Избранное в 2 томах. Том 2 | страница 80



Гром засова. Ржавый скрип петель. «Снова за мною…»

— Ауфштеен!

Встать! Набрать сил и встать. Не из страха, нет. Чтоб не лежать у ног фашистов.

Попыталась приподняться. Но сил не хватило…

Грубым рывком оторвали от пола, поставили на ноги, потащили…

Потерять сознание не успела: свежий, наполненный прохладой предвесенней влажностью ветерок пахнул в лицо, и это как-то прибавило сил. Однако на ногах устоять не смогла.

Но упасть ей не дали, подхватили чьи-то руки — нет, не грубые руки мучителей, а другие, бережные. Только тогда разглядела, что рядом-товарищи по группе. Поддерживают, встав вплотную, совсем близко их лица. Как изменились они с тех пор, когда она их видела в последний раз на станции Калинковичи, в какой-то большой комнате, куда всех десятерых притащили уже обезоруженными и связанными.

Оборванные, изможденные, с серыми лицами, как не похожи были эти истерзанные фашистами люди, выглядевшие почти стариками, на тех бравых парней, с которыми Саша два месяца назад вместе отправлялась на задание. Но это были они, ее товарищи. Они поддерживали ее, не давая упасть. И, чувствуя тепло дружеских рук, Саша, казалось ей, обретала в себе какие-то новые силы. Ведь теперь все они вместе. До конца.

Только сейчас она заметила, что на груди у каждого, на веревке, перекинутой через шею, повешена доска с аккуратной надписью на русском языке: «Советский парашютист». Один из немцев, подойдя к Саше, повесил и ей на шею такую же доску.

Прозвучала хлесткая, как удар бича, команда. Сашу и ее товарищей повели к уже распахнутым воротам, подталкивая прикладами и окриками.

Шагали по раскисшему, подтаявшему снегу, который податливо расступался под ногами. Но каждый шаг давался Саше с большим трудом — не было сил. И если бы ее не поддерживали под руки, она, наверное, не смогла бы сделать и нескольких шагов. Воздух, наполненный запахом талого снега, воздух ранней весны кружил голову, как вино. Уже давно не видевшей ничего, кроме стен камеры и крохотного прямоугольника неба в зарешеченном окне, Саше все казалось сейчас необычным и новым: и чуть подернутое прозрачными, медленно плывущими продолговатыми облачками небо, и покачивающиеся на легком ветерке тонкие ветви деревьев по сторонам дороги. Словно в необычном уже для нее мире шла она сейчас, в мире, таком знакомом и таком далеком от всей ее жизни в последнее время.
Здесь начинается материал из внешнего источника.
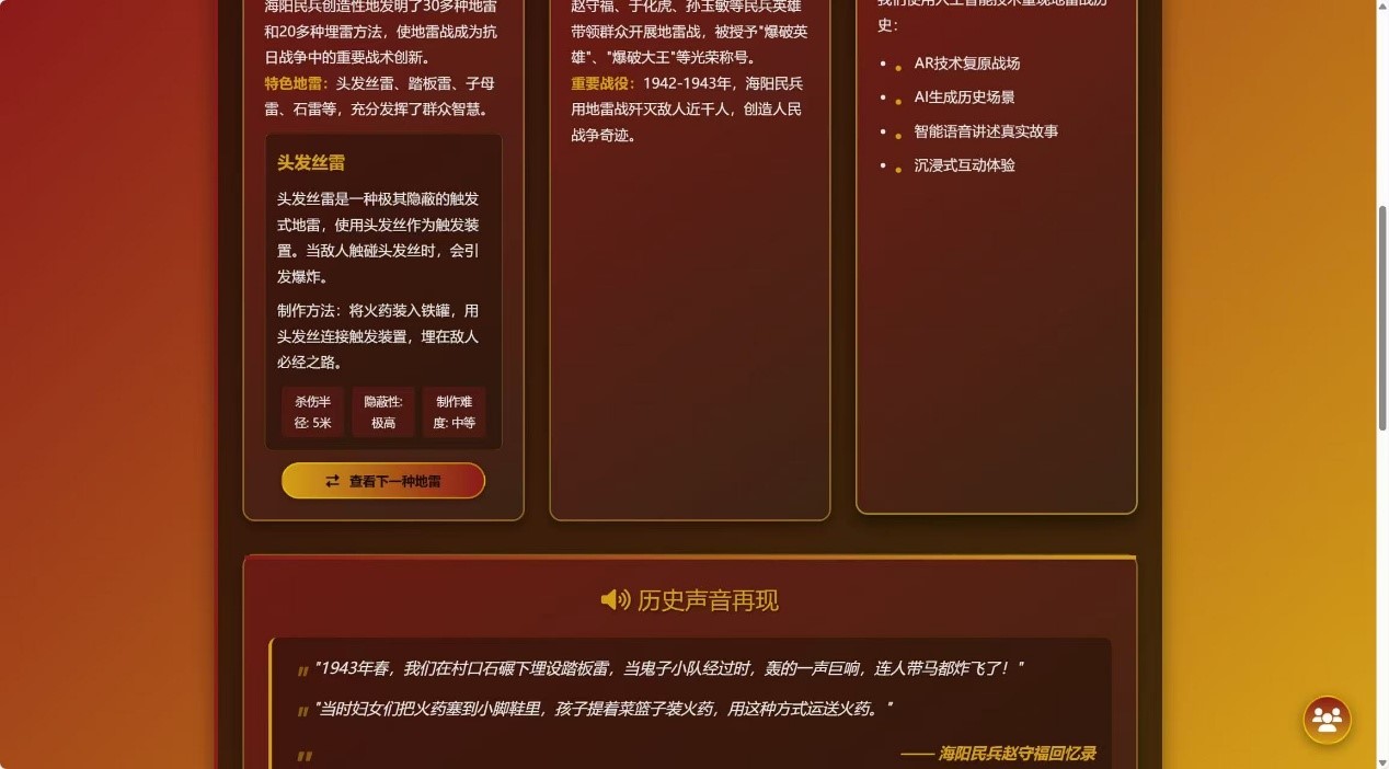 此外,“歷史聲音再現(xiàn)”收錄民兵講述,“AI戰(zhàn)爭詩歌”自動生成并誦讀,從聽覺、文學維度拓寬傳承路徑,以科技為筆,讓地雷戰(zhàn)精神在新時代書寫更生動的傳承篇章,讓紅色歷史突破時空局限,持續(xù)照亮當下與未來 。
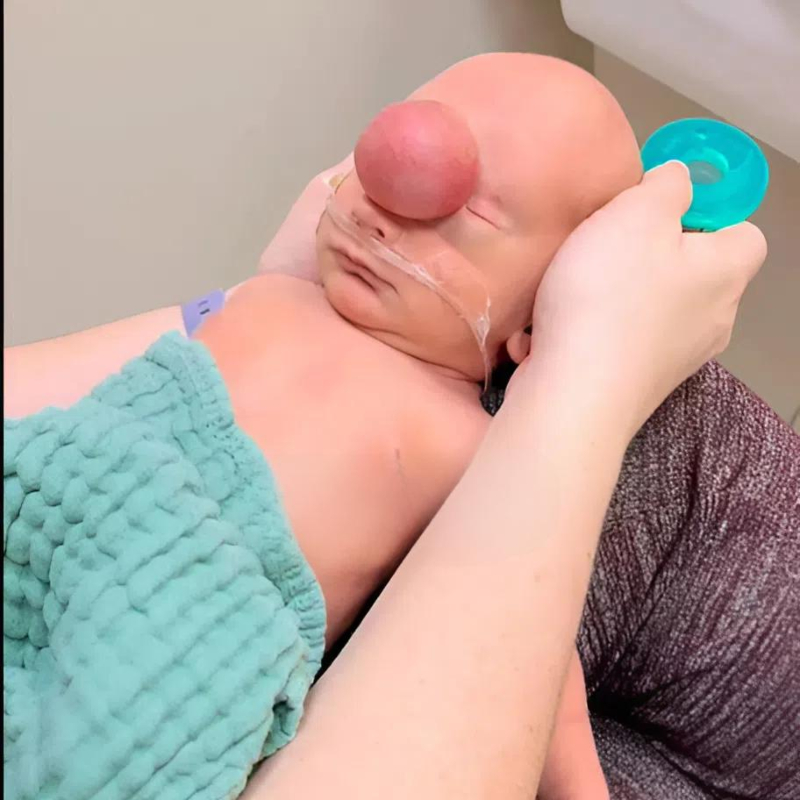 My heart stopped. I looked down at my newborn — tiny, fragile, so warm — and saw a large red swelling covering most of his nose. I froze in disbelief. 💔
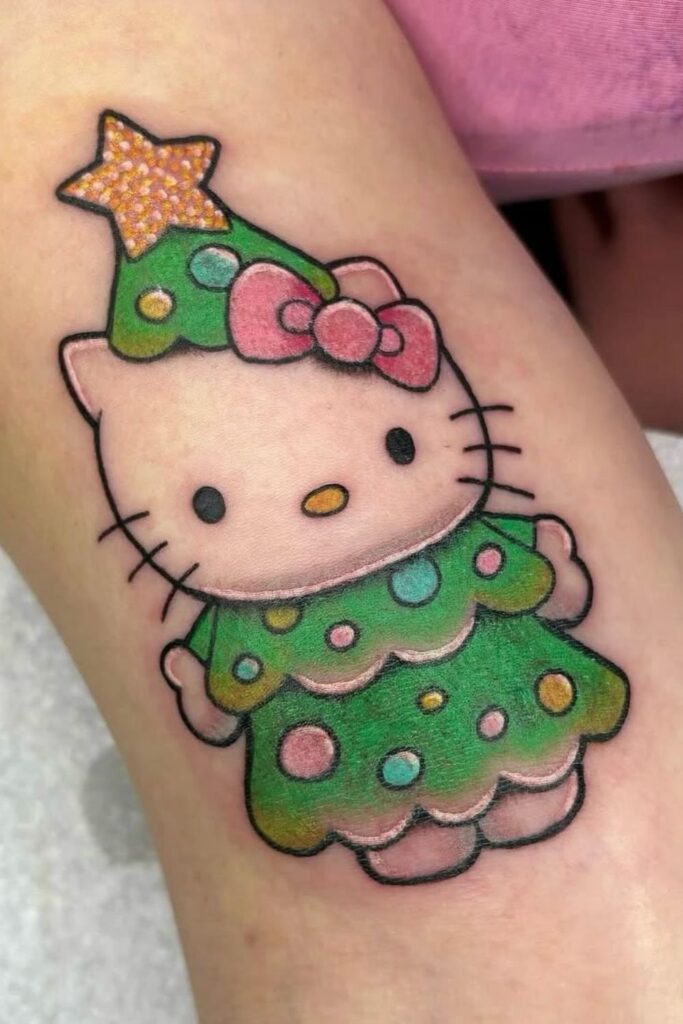 A Christmas tattoo often represents joy, nostalgia, and togetherness.

Шли молча. Слышен был только шаркающий по мокрому снегу звук шагов, чье-то трудное, хрипловатое дыхание. Плотной кучкой, держась друг за друга, шли десять человек, окруженные конвоем. Старались держать головы как можно выше, ступать как можно тверже, чтобы не радовать врагов видом своей слабости. Гитлеровцы с нашивками зондеркоманды на рукавах шинелей, которые вели Сашу и ее товарищей, в первые минуты подталкивали их, покрикивали. Но те шли, словно бы не замечая своих мучителей, словно какая-то невидимая сила на последнем пути как бы отгородила их от палачей, подняла над ними. И этого не могли не почувствовать гитлеровцы! Если они и были освобождены их фюрером от совести, то способности ощущать силу человеческого духа они еще не потеряли. Ведь даже зверь, случается, темным инстинктом своим ощущает ее присутствие и столбенеет перед человеком. Вот так и немцы из зондеркоманды. Они вели Сашу и ее товарищей уже без окрика, без тычка, без ухмылки.